• YOUR OBJECTIVE
Below is a listing. Write out exactly its lines between the one holding "L'autel encadré par" and the one holding "Elle est connue", inclusive.

• INPUT MATERIAL
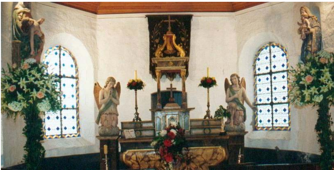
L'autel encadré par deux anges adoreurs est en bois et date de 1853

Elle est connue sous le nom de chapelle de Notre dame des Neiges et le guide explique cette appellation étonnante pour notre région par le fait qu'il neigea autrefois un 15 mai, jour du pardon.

---

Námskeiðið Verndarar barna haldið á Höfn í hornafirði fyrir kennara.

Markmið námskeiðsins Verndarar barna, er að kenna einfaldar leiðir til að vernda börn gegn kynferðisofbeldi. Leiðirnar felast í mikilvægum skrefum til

• COMPLETED EXERCISE
L'autel encadré par deux anges adoreurs est en bois et date de 1853

Elle est connue sous le nom de chapelle de Notre dame des Neiges et le guide explique cette appellation étonnante pour notre région par le fait qu'il neigea autrefois un 15 mai, jour du pardon.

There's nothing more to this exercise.